High-Level Development Partners Adopt “Blueprint for Catalysing a Resilient Africa,” Setting Direction for AAAP 2.0

N airobi, Kenya – 5 September 2025: Co-chaired by the Republic of Kenya and the Global Center on Adaptation (GCA), the High-Level Development Partners Committee today adopted a communique—“A Blueprint for Catalysing a Resilient Africa”—to guide the next phase of the Africa Adaptation Acceleration Program (AAAP 2.0). The communique consolidates lessons from AAAP’s first phase (2021–2025) and aligns partners on a focused, scaled plan through 2030.

AAAP’s first phase established one of the world’s leading adaptation-finance mainstreaming efforts, embedding climate resilience solutions into $25 billion of international financial institution (IFI) investments across infrastructure, agriculture, and essential services—reaching over 200 million people and supporting more than 1 million jobs in 40 African countries. The program delivered strong value for money, including a leverage ratio of 1:1,370 (vs. a 1:100 target), benefit-to-cost ratios of 3–5:1, and an IRR above 20%. Partners identified opportunities to further strengthen monitoring and evaluation, deepen gender and social inclusion (already above 70%), and integrate learning more systematically.
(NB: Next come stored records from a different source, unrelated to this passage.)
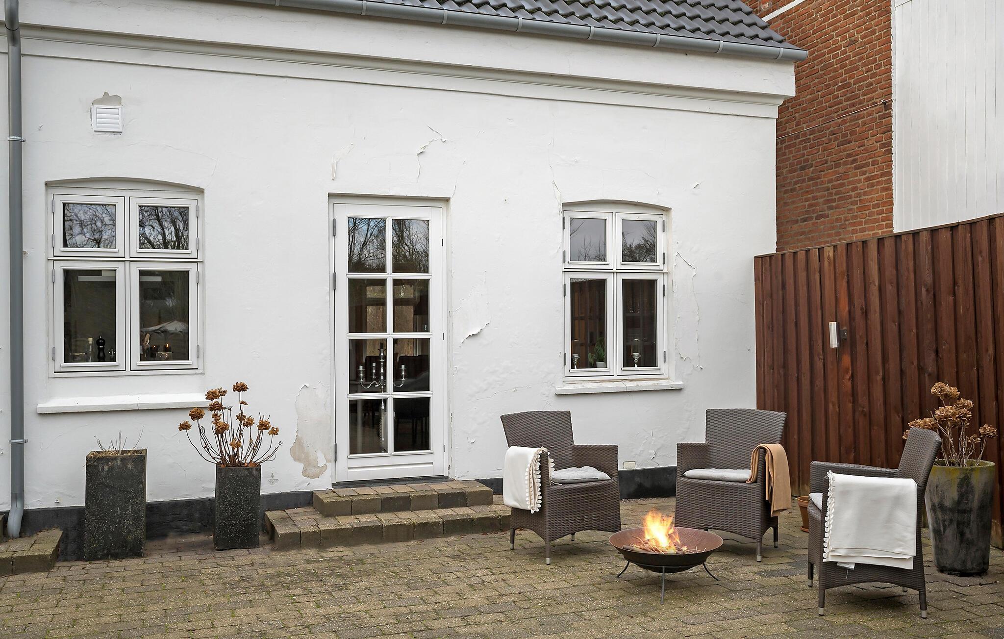 Der Außenbereich des Hauses ist ein echtes Highlight. Der geschlossene Innenhof mit gemütlichen Sitzgelegenheiten und einer Feuerstelle lädt zu entspannten Abenden ein. Ein überdachter Bereich bietet Schutz bei jedem Wetter, während der gepflegte Garten viel Platz für Kinder zum Spielen oder für ein gemütliches Frühstück im Freien bietet.
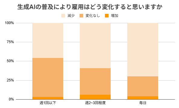 「毎日」利用する学生では、70%が「雇用は減少する」と回答。「週2〜3回程度」利用の学生では59%、「週1回以下」利用では55%と、利用頻度が低くなるにつれて懸念がやや薄れる結果となりました。
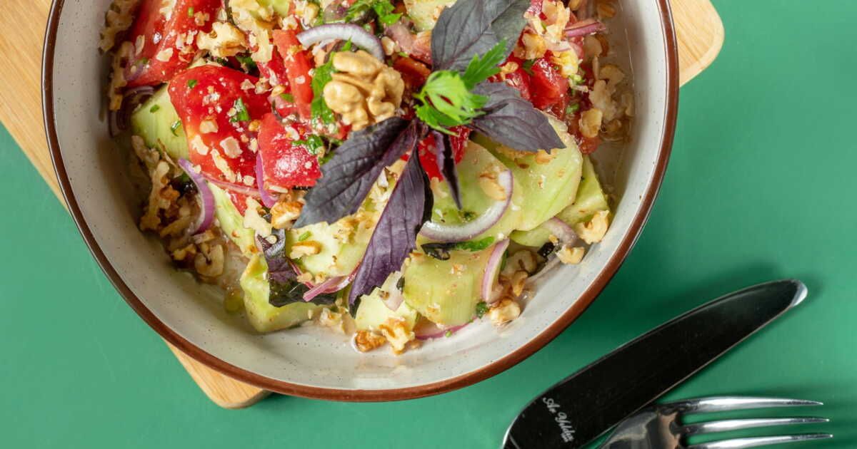 Dans un saladier, versez 280 g de boulgour, salez et recouvrez d'eau bouillante pour le réhydrater. Couvrez d’un torchon propre et laissez reposer environ 8 minutes, tout en suivant éventuellement les indications du paquet. Il faut garder à l’esprit que le boulgour continuera à absorber l’humidité de la sauce. Une fois le temps écoulé, égrainez le boulgour à la fourchette et mélangez-le doucement avec la sauce jusqu'à absorption. Pendant que le mélange se tiédit, découpez une tomate cœur de bœuf et un demi concombre en petits dés. Ajoutez environ 4 brins d’aneth et de persil hachés. Incorporez ces ingrédients au boulgour, assaisonnez selon votre goût, puis terminez avec un filet de crème de balsamique. Mélangez une dernière fois et servez tiède ou bien frais.
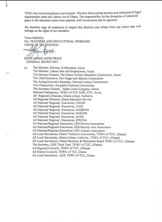 Copies of the declaration have been sent to the Ministry of Education, Ministry of Labour, GES, the Ghana Tertiary Education Commission, and the National Labour Commission. TEWU has urged all employer institutions to respect the lawful decision of its members.

AAAP 2.0: Focus, urgency and private-finance leadership
With the world nearing a 1.5°C overshoot and Africa requiring ~$500 billion in adaptation finance by 2030, the communique calls for a step-change in mobilization—particularly from the private sector—while preserving the catalytic role of development finance. AAAP 2.0 will concentrate on three mutually reinforcing goals:

  • Climate-prepare Africa’s food systems—empowering smallholder farmers to drive resilient growth;
  • Future-proof infrastructure and urban zones—leveraging nature to withstand climate extremes and enable investment;
  • Unlock resilient finance—crowding in domestic and international capital, reinforcing national financial systems, and scaling responsible, market-ready instruments.

To translate vision into impact, AAAP 2.0 will operate through three delivery channels: a Transmission Belt for channeling cutting-edge expertise into bankable solutions; a Capability Accelerator to build institutional capacity with regional and national partners; and an Innovation Hub to curate learning, innovation, and locally led action. Community leadership, gender and social inclusion, youth empowerment, and job creation will be mainstreamed across all operations.
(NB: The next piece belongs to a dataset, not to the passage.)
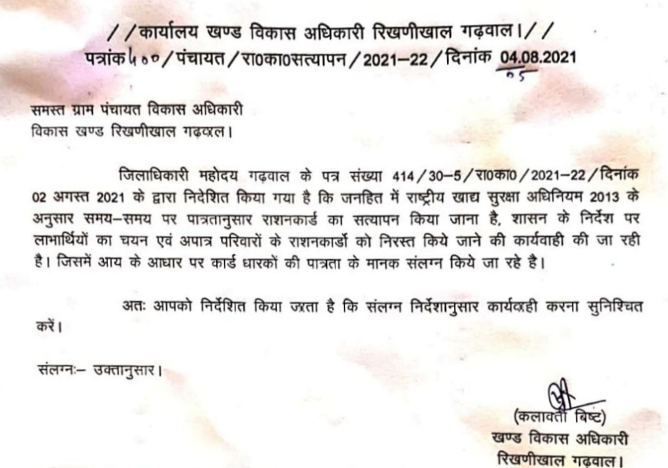 रिखणीखाल,प्रभुपाल सिंह रावत।प्रथम पक्ष- खंड विकास अधिकारी रिखणीखाल ने प्रखंड के समस्त ग्राम पंचायत विकास अधिकारियों को फ़रमान जारी किया है कि जनहित में राष्ट्रीय खाद्यान्न सुरक्षा अधिनियम 2013 के अनुसार समय समय पर पात्रतानुसार राशन कार्ड का सत्यापन किया जाना है जिसके लिए सभी ग्राम पंचायत विकास अधिकारीगण कार्रवाई करना सुनिश्चित करें।
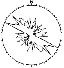 Paleostress inversion refers to the determination of paleostress history from evidence found in rocks, based on the principle that past tectonic stress should have left traces in the rocks.[1] Such relationships have been discovered from field studies for years: qualitative and quantitative analyses of deformation structures are useful for understanding the distribution and transformation of paleostress fields controlled by sequential tectonic events.[2] Deformation ranges from microscopic to regional scale, and from brittle to ductile behaviour, depending on the rheology of the rock, orientation and magnitude of the stress, etc. Therefore, detailed observations in outcrops, as well as in thin sections, are important in reconstructing the paleostress trajectories.

AAAP 2.0 will expand beyond traditional IFI partners to include new multilateral development banks, commercial banks, national DFIs, philanthropic organizations, and regulators—working in closer concert with AU institutions (including AUDA-NEPAD), regional economic communities, and centres of excellence. The next phase emphasizes systems change and national ownership, including replicable digital tools, codified curricula and masterclasses, and standards, guidelines, and taxonomies to help transform markets. The communique notes alignment with the establishment of a new headquarters on the continent to anchor long-term sustainability.

Professor Patrick V. Verkooijen, President & CEO, Global Center on Adaptation (GCA), said:
“Adaptation is Africa’s growth strategy. The numbers from Phase 1 speak for themselves—strong leverage, robust benefit-cost ratios, and transformative reach. With AAAP 2.0 we will deepen national ownership, expand partnerships with banks and markets, and hard-wire resilience into food systems, cities, and finance so Africa can thrive in a warming world.”

The Co-Chairs’ Summary is being submitted to the Committee of African Heads of State and Government on Climate Change (CAHOSCC) for political guidance, ensuring alignment with continental priorities.